**Exercise directions:**
Down to the last line, restate the records below word for word, dropping every image.

**Recorded data:**
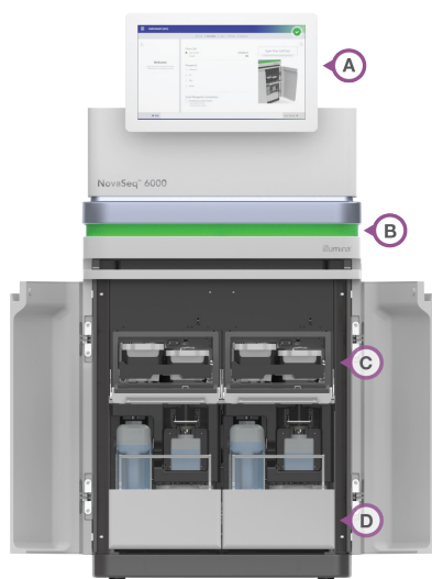
Figura 3: Funzionamento ottimizzato: molte caratteristiche del NovaSeq 6000 System sono progettate per semplificare gli studi di genomica, inclusi (A) l'interfaccia intuitiva su touch screen, (B) il display LED dotato di spie luminose che indica lo stato della cella a flusso, (C) le cartucce sagomate contenenti i reagenti pronti all'uso e (D) i contenitori per gli scarti facili da rimuovere e smaltire.
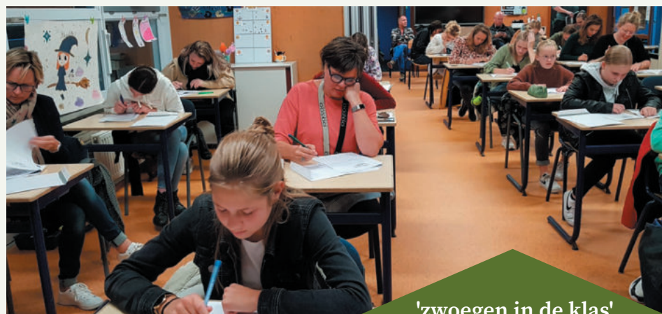
'zwoegen in de klas'

Vrijdag 26 November zal de prijsuitreikingsavond plaatsvinden, waar iedereen nog eens terug kan kijken naar een zeer geslaagde editie van Ruiverpedia.
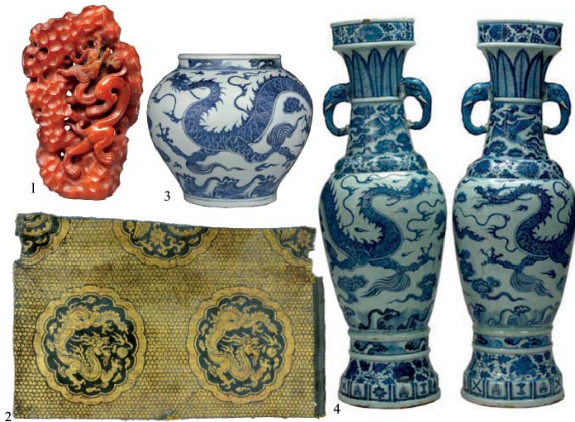
Рис. 3. Изображение дракона в произведениях декоративно-прикладного искусства династии Юань. 1 – дракон, карабкающийся по скале, XIV в.. Metropolitan Museum, accession number: 2018.151 без масштаба; 2 – фрагмент ткани с изображением драконов, играющих огненной жемчужиной, XIII–XIV вв., Metropolitan Museum, accession number: 2012.399 без масштаба; 3 – бело-синяя ваза с изображением дракона, 1279-1368. Idemitsu Museum, Tokyo ; 4 – the David Vases, 1351 г, Yuan dynasty, 63.6 x 20.7 cm, Jiangxi province, China без масштаба.

Fig. 3. The image of a dragon in the works of decorative and applied art of the Yuan Dynasty. 1 – a dragon climbing a cliff, 14th century; 2 – the textile fragment with dragons images, playing with flamy pearls; 3 – blue and white vase with the image of a dragon, 1279-1368; 4 – The David Vases , 1351 г, Yuan dynasty.
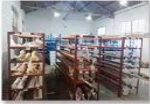
1. raw material warehouse
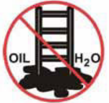
Zajistit, aby byl podklad bez nečistot
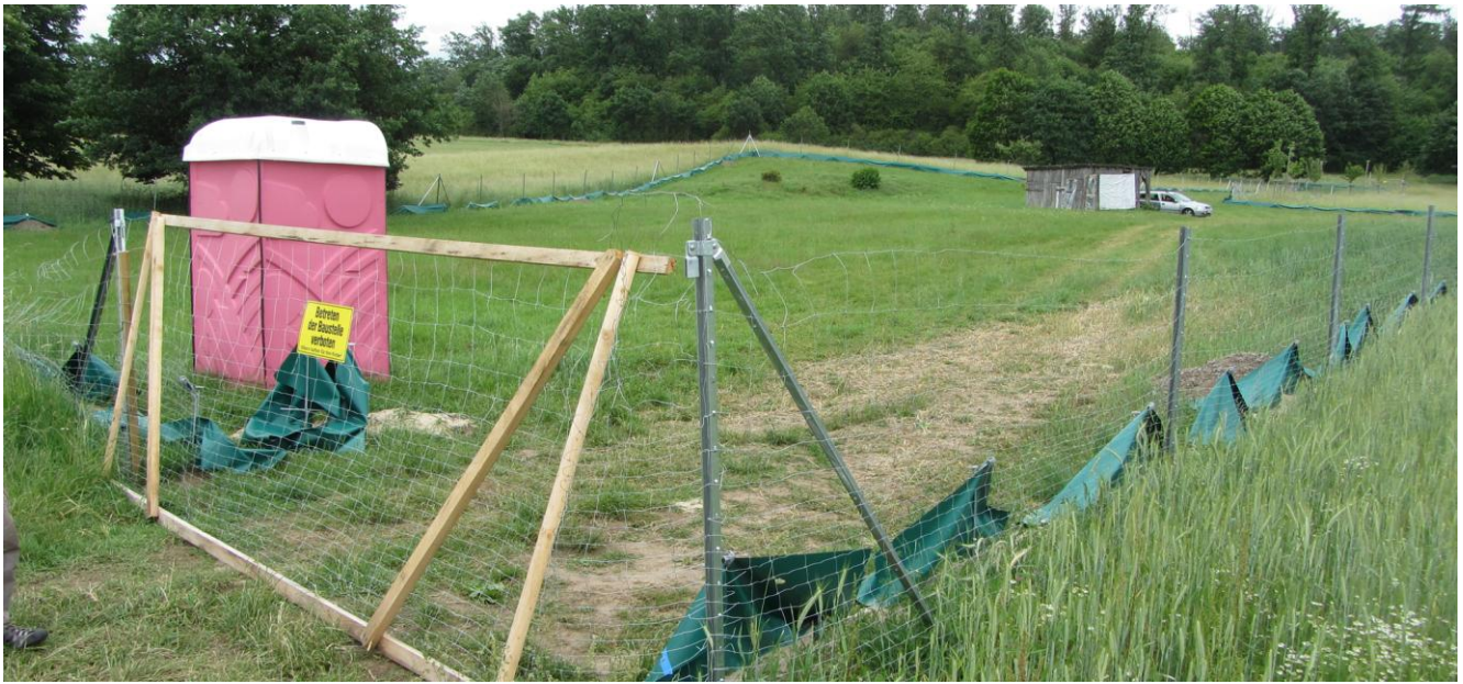
Aufnahme vom 4.6.2026: Zerstörte Reptilienzäune am Bauwerk 3

**Exercise solution:**
Figura 3: Funzionamento ottimizzato: molte caratteristiche del NovaSeq 6000 System sono progettate per semplificare gli studi di genomica, inclusi (A) l'interfaccia intuitiva su touch screen, (B) il display LED dotato di spie luminose che indica lo stato della cella a flusso, (C) le cartucce sagomate contenenti i reagenti pronti all'uso e (D) i contenitori per gli scarti facili da rimuovere e smaltire.
'zwoegen in de klas'

Vrijdag 26 November zal de prijsuitreikingsavond plaatsvinden, waar iedereen nog eens terug kan kijken naar een zeer geslaagde editie van Ruiverpedia.
Рис. 3. Изображение дракона в произведениях декоративно-прикладного искусства династии Юань. 1 – дракон, карабкающийся по скале, XIV в.. Metropolitan Museum, accession number: 2018.151 без масштаба; 2 – фрагмент ткани с изображением драконов, играющих огненной жемчужиной, XIII–XIV вв., Metropolitan Museum, accession number: 2012.399 без масштаба; 3 – бело-синяя ваза с изображением дракона, 1279-1368. Idemitsu Museum, Tokyo ; 4 – the David Vases, 1351 г, Yuan dynasty, 63.6 x 20.7 cm, Jiangxi province, China без масштаба.

Fig. 3. The image of a dragon in the works of decorative and applied art of the Yuan Dynasty. 1 – a dragon climbing a cliff, 14th century; 2 – the textile fragment with dragons images, playing with flamy pearls; 3 – blue and white vase with the image of a dragon, 1279-1368; 4 – The David Vases , 1351 г, Yuan dynasty.
1. raw material warehouse
Zajistit, aby byl podklad bez nečistot
Aufnahme vom 4.6.2026: Zerstörte Reptilienzäune am Bauwerk 3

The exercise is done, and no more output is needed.